Умственное лакейство смердяковщины, этого незаконнорожденного отечественного нашего дитяти, родственно, как считал писатель, лакейству мысли угрюмых тупиц либерализма. Смердяковщина — это смрад, исходящий от больного срамной болезнью общества. Ладно, Дмитрий — его-то Смердяков глупее себя почитает, но даже и умник Иван презрительно отзывается о Смердякове как о вонючем лакее, — а ведь, может быть, ему-то, Смердякову, и придется еще сыграть не последнюю роль в судьбах всей семейки, а стало быть, и всей ненавистной ему, так называемой матушки-России.
Словом, завязался узелок романа. Торопиться Достоевский не хотел, переписывал отдельные сцены по пяти раз: никогда еще ни на одно из своих произведений, кажется, не смотрел так серьезно, как на это, будто оно последнее и нужно успеть все сказать, и сказать как следует. Хотя и рассчитывал тогда еще, да не то что рассчитывал, твердо надеялся — лет на десять впереди.
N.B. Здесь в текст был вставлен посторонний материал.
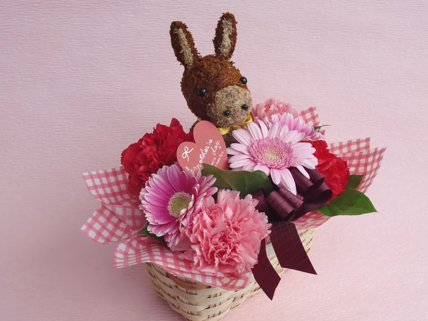 ロバさんのかわいいアレンジです。動物好きの方にお勧めです。ボリューム重視のため花材はこちらにお任せ下さい。プレートはその用途に合わせて変わります。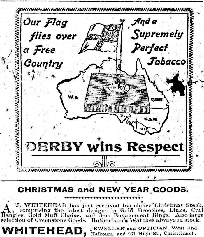 | Our flag a | flies over US& Supremely | .. | a free Perfect | j Qourjtry A Tobacco I fUSfewL' Ul- 1.! -. i \ W A QBPh\ 5 I• \ I \J) I N.SJI J < g “Ksv / s I I | DERBY wins Respect | | PN l/c) I CHRISTMAS and NEW YEAR GOODS. A J. WHITEHEAD has just received his choice‘Christmas Stock, . comprising the latest designs in Gold Brooches, Links, Curl Bangles, Gold Muff Chains, and Gem Engagement Rings. Also large selection of Greenstone Goods. Rotherham’s Watches always in stock. WHITFHf* AH JEWELLER and OPTICIAN, West End, Ww BH I I Eml Kaikoura, and 261 High St., Christchurch.
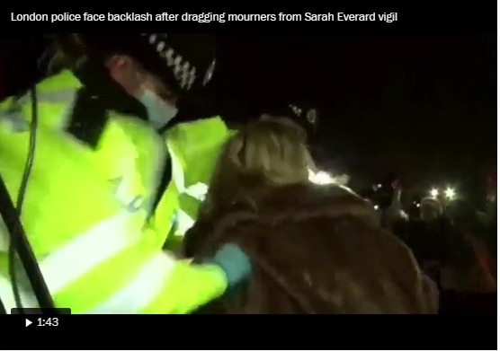 On Saturday, police broke up a vigil-turned-protest in south London by people mourning Everard, 33, who was last seen walking home on March 3 and whose remains were found in a large bag last week.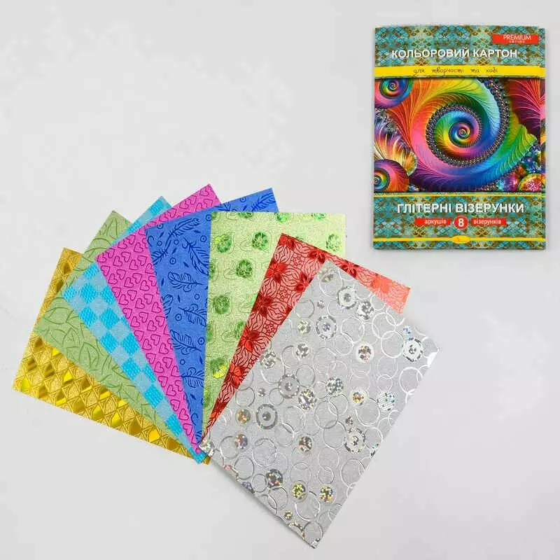 гр Набір кольорового картону ""Глітерні візерунки"" Premium А4, 8 аркушів ККГВ-А4-8 ""Апельсин""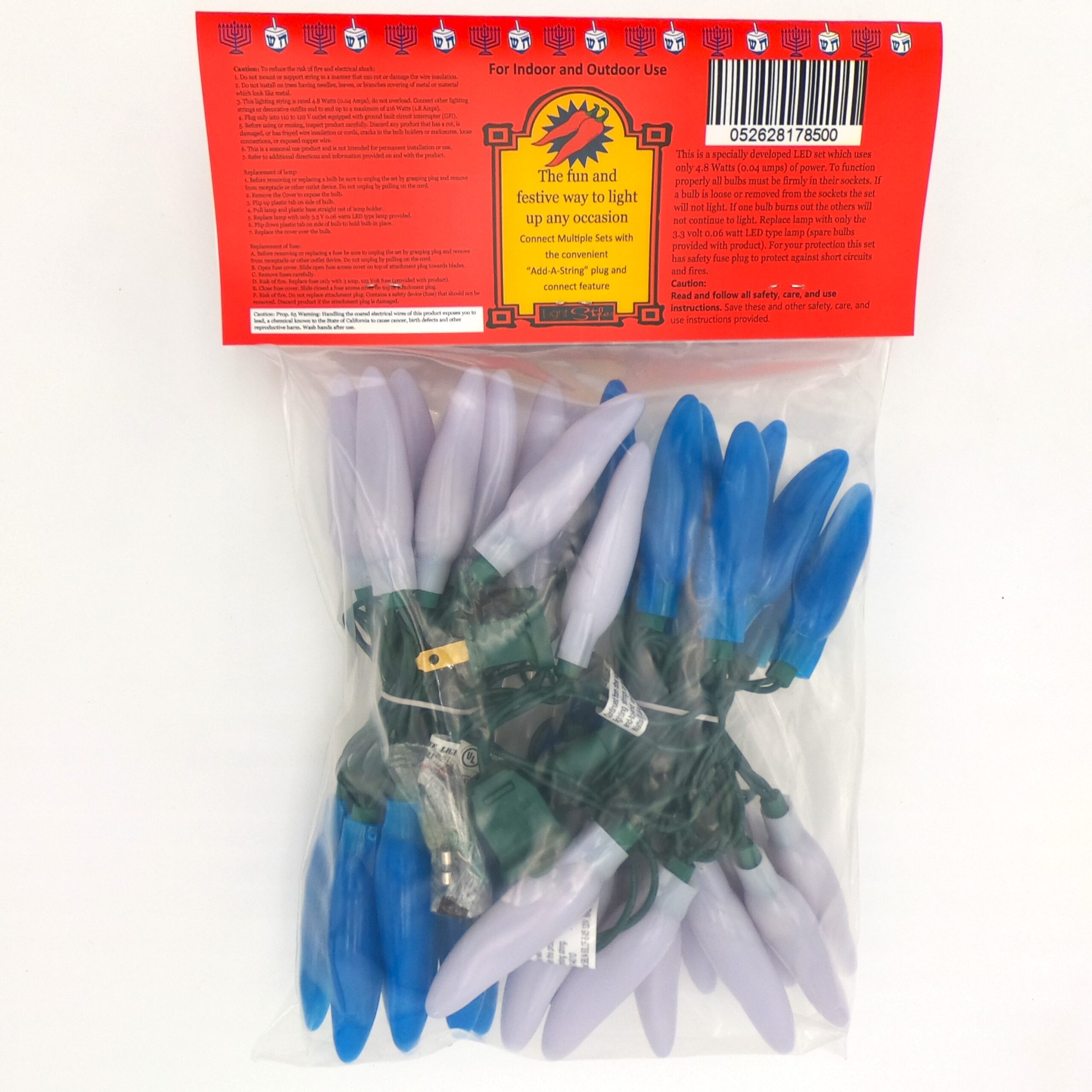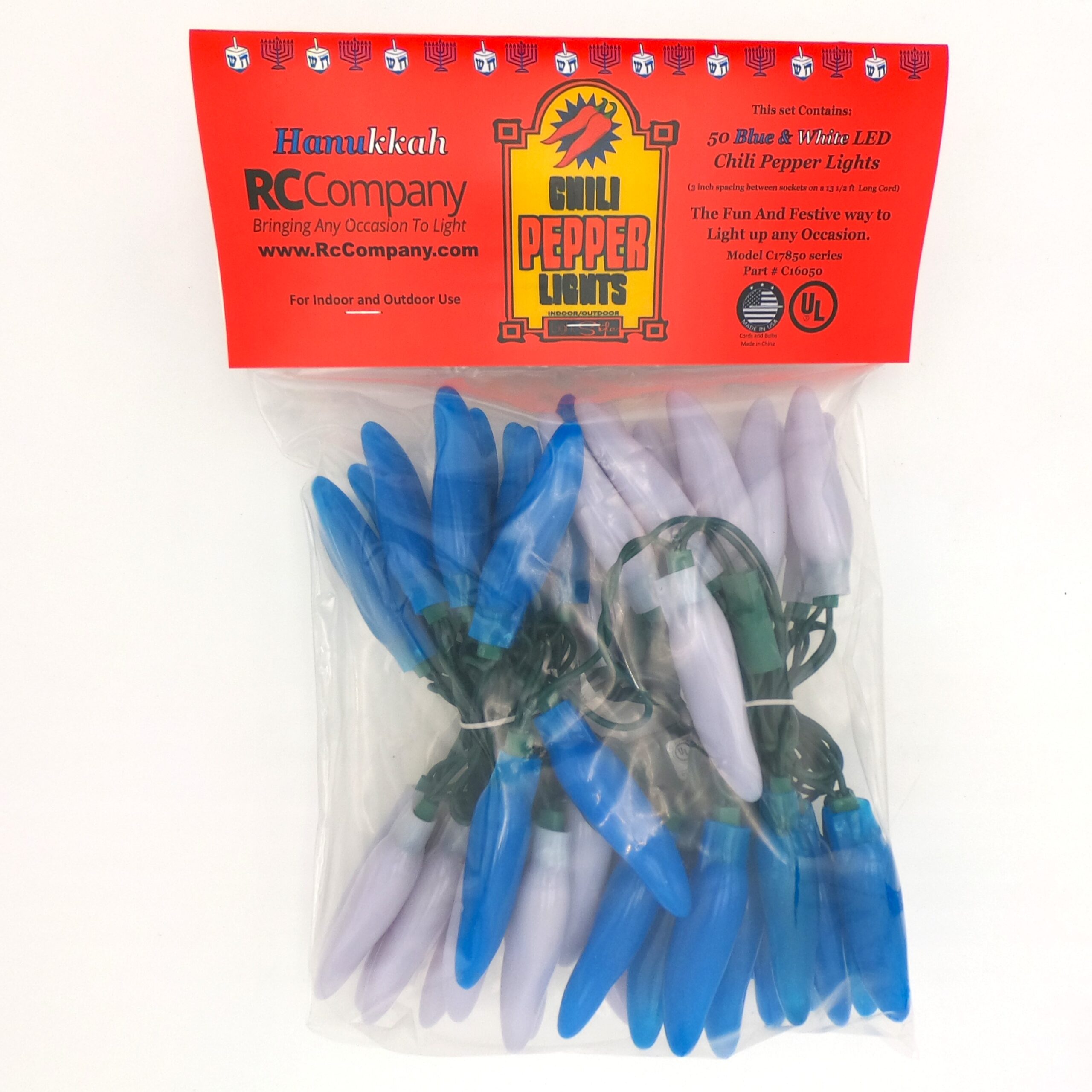 50 LED Hanukkah Blue & White Chili Pepper Lights (50 Lights, 13 1/2-ft. Long, 3 inch spacing between lights, Each Chili’s measurement is 3 inches long by 3/4 inch wide)

Да, десяти, пожалуй, хватило бы, чтобы стать ему тем Достоевским, каким мечталось ему стать, каким — чувствовал он — было ему стать предназначено...
Многое должно было отразиться в истории этой семейки: от последних фактов злобы дня до библейской истории Авеля, невинно убиенного братом своим Каином; от газетной хроники до гамлетовского «быть или не быть»; от страстей шиллеровских братьев-разбойников до гётевской встречи Фауста с Мефистофелем; от современного терроризма до вечной истории воскресения души страданием; от искушения дьяволом Христа в пустыне до сегодняшних искушений народа кабаком и золотой мошной; от турецких зверств на Балканах до истории Иуды-предателя. Все должно было совместиться здесь: опыт собственной жизни и опыт человечества, образы спутников жизни и вечные литературные образы. В одном только Иване фантастически, а вместе с тем для Достоевского естественно мало-помалу сливались и совмещались и Каин, и Гамлет, и Фауст, и молодой Владимир Соловьев; в Дмитрии — история каторжного Ильинского и шиллеровского Карла Моора, черты натуры Аполлона Григорьева и... библейского Авеля. Но все это должно было еще переплавиться в горниле творческого воображения автора, чтобы сотворить то чудо, о котором мудрый сердцем старец Зосима скажет в самом романе так: «...В том-то и великое, что тут тайна, — что мимоидущий лик земной и вечная истина соприкоснулись тут вместе. Перед правдой земною совершается действие вечной правды».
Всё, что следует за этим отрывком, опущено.